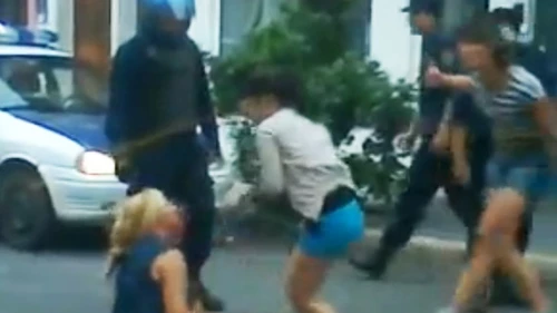 En un momento de la discusión, uno de los policías le da una trompada a la joven, dejándola tirada en el piso. La mujer fue asistida por unas amigas y dejó el lugar rápidamente.
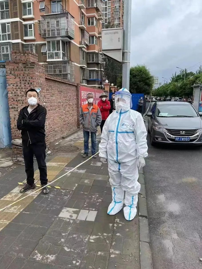 眼看天氣越來越熱,北京出現(xiàn)連續(xù)高溫,為更好地保護負責(zé)檢測的醫(yī)護和社工人員,社區(qū)決定下午一點停止檢測,可是這個舉動開始并不被居民們理解,往往到了一點之后還是有人陸陸續(xù)續(xù)前來測核酸。每每這個時候,我總會站到隊尾向大家解釋,告訴他們坐在隔離艙內(nèi)檢測人員的不容易,請大家換位思考給予諒解。雖然有時會面對許多質(zhì)疑的聲音,但我依舊會保持一份熱情、一份理解、一份關(guān)愛,因為我堅信,這身防護服帶給我的是榮耀、是真真切切為人民服務(wù)的標識。現(xiàn)在,居民們漸漸理解了工作人員的不易,我也感受到了居民們的通情達理和關(guān)愛。
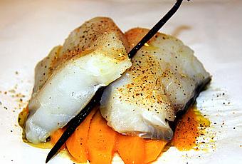 Toujours dans notre semaine Light il fallait bien une recette de poisson, et j'ai essayer de rendre goûteux ce poisson blanc... Parce qu'en vrai, il faut se l'avouer ça n'a pas vraiment de goût....Une première pour moi qui ne cuisine que le saumon, mais c'est sûr que je referais ce plat plus souvent!!Vous pouvez l'accompagner d'un bon riz blanc ou d'un Wok de légumes, à vous de voir!Par contre j'ai une petite confidence à vous faire, ce plat est Made in Surgelé... Sorry.... Je suis allée chez Picard et j'ai acheté 2 dos de Cabillaud et des Mangues coupées en morceaux.Pour les plus courageux le frais c'est mieux mais pour les pressés le surgelé c'est drôlement pratique!!! A vous de jouer!!!Enjoy!INGRÉDIENTS: (Pour 2 personnes.... et oui ce soir on était en tête à tête!!)-2 dos de CABILLAUD-2 moitiés de MANGUE fraîches ou surgelées-1 gousse de VANILLE-1 pincée de GINGEMBRE en poudre ou 5cm de GINGEMBRE frais et pelé-SEL, POIVRE-1 cuillère à café d'HUILE d'OLIVERÉALISATION:-Préchauffer le four à 180°C.-Peler et couper en fines lamelles les moitiés de MANGUE.-Couper en 2 la GOUSSE de VANILLE.-Découper 2 feuilles de papier sulfurisé.-Déposer au centre de la feuille la moitié de MANGUE coupée en lamelles et mettre par dessus le dos de cabillaud coupé en 2 morceaux.( Pour les faire tenir l'un sur l'autre vous pouvez les piquer d'un cure dent )-Insérer entre les 2 morceaux de cabillaud la demi gousse de Vanille.-Mettre une pincée de GINGEMBRE, SEL, POIVRE.-Arroser d'une demi cuillère d'HUILE d'OLIVE.-Mettre une deuxième feuille de papier sulfurisé par dessus et former une papillote.-Enfourner pendant 20min.
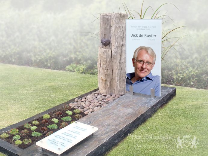 Modern glazen grafmonument met ruwe steensoorten
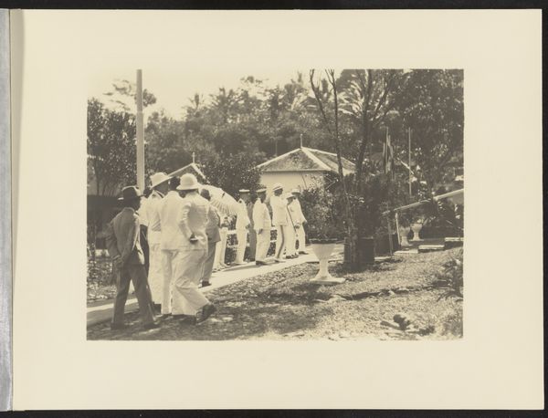 This photograph by Heinrich Ernst & Co captures a moment in Tandjong Poera, Langkat Sumatra, featuring Paul and Lucie Sandel with a large group and a crocodile. Look at the tonal range here, the way the sepia tones create an overall mood. You can feel the heat and the humidity, can’t you? The texture is revealed through the contrast, like the rough skin of the crocodile versus the smooth fabrics of the Sandels’ clothing. The way the light catches the crocodile’s scales, makes me think about brushstrokes and the physical act of applying paint. Each scale is a tiny gesture, a little mark, like a pointillist painting, or the way Pollock flicked paint onto a canvas. The differences in texture bring out the emotional layers. It's interesting how a photograph, typically seen as a record of reality, can be just as expressive as a painting. Think of Gerhard Richter's blurred photos turned paintings or Vija Celmins’ meticulous renderings of photographs. This image, like those artworks, reminds us that seeing is always a form of interpretation.
========================================================================
What you are asked to do ->
All entries, top to bottom, should be retyped exactly; the pictures should not be.

Response ->
 En un momento de la discusión, uno de los policías le da una trompada a la joven, dejándola tirada en el piso. La mujer fue asistida por unas amigas y dejó el lugar rápidamente.
 眼看天氣越來越熱,北京出現(xiàn)連續(xù)高溫,為更好地保護負責(zé)檢測的醫(yī)護和社工人員,社區(qū)決定下午一點停止檢測,可是這個舉動開始并不被居民們理解,往往到了一點之后還是有人陸陸續(xù)續(xù)前來測核酸。每每這個時候,我總會站到隊尾向大家解釋,告訴他們坐在隔離艙內(nèi)檢測人員的不容易,請大家換位思考給予諒解。雖然有時會面對許多質(zhì)疑的聲音,但我依舊會保持一份熱情、一份理解、一份關(guān)愛,因為我堅信,這身防護服帶給我的是榮耀、是真真切切為人民服務(wù)的標識。現(xiàn)在,居民們漸漸理解了工作人員的不易,我也感受到了居民們的通情達理和關(guān)愛。
 Toujours dans notre semaine Light il fallait bien une recette de poisson, et j'ai essayer de rendre goûteux ce poisson blanc... Parce qu'en vrai, il faut se l'avouer ça n'a pas vraiment de goût....Une première pour moi qui ne cuisine que le saumon, mais c'est sûr que je referais ce plat plus souvent!!Vous pouvez l'accompagner d'un bon riz blanc ou d'un Wok de légumes, à vous de voir!Par contre j'ai une petite confidence à vous faire, ce plat est Made in Surgelé... Sorry.... Je suis allée chez Picard et j'ai acheté 2 dos de Cabillaud et des Mangues coupées en morceaux.Pour les plus courageux le frais c'est mieux mais pour les pressés le surgelé c'est drôlement pratique!!! A vous de jouer!!!Enjoy!INGRÉDIENTS: (Pour 2 personnes.... et oui ce soir on était en tête à tête!!)-2 dos de CABILLAUD-2 moitiés de MANGUE fraîches ou surgelées-1 gousse de VANILLE-1 pincée de GINGEMBRE en poudre ou 5cm de GINGEMBRE frais et pelé-SEL, POIVRE-1 cuillère à café d'HUILE d'OLIVERÉALISATION:-Préchauffer le four à 180°C.-Peler et couper en fines lamelles les moitiés de MANGUE.-Couper en 2 la GOUSSE de VANILLE.-Découper 2 feuilles de papier sulfurisé.-Déposer au centre de la feuille la moitié de MANGUE coupée en lamelles et mettre par dessus le dos de cabillaud coupé en 2 morceaux.( Pour les faire tenir l'un sur l'autre vous pouvez les piquer d'un cure dent )-Insérer entre les 2 morceaux de cabillaud la demi gousse de Vanille.-Mettre une pincée de GINGEMBRE, SEL, POIVRE.-Arroser d'une demi cuillère d'HUILE d'OLIVE.-Mettre une deuxième feuille de papier sulfurisé par dessus et former une papillote.-Enfourner pendant 20min.
 Modern glazen grafmonument met ruwe steensoorten
 This photograph by Heinrich Ernst & Co captures a moment in Tandjong Poera, Langkat Sumatra, featuring Paul and Lucie Sandel with a large group and a crocodile. Look at the tonal range here, the way the sepia tones create an overall mood. You can feel the heat and the humidity, can’t you? The texture is revealed through the contrast, like the rough skin of the crocodile versus the smooth fabrics of the Sandels’ clothing. The way the light catches the crocodile’s scales, makes me think about brushstrokes and the physical act of applying paint. Each scale is a tiny gesture, a little mark, like a pointillist painting, or the way Pollock flicked paint onto a canvas. The differences in texture bring out the emotional layers. It's interesting how a photograph, typically seen as a record of reality, can be just as expressive as a painting. Think of Gerhard Richter's blurred photos turned paintings or Vija Celmins’ meticulous renderings of photographs. This image, like those artworks, reminds us that seeing is always a form of interpretation.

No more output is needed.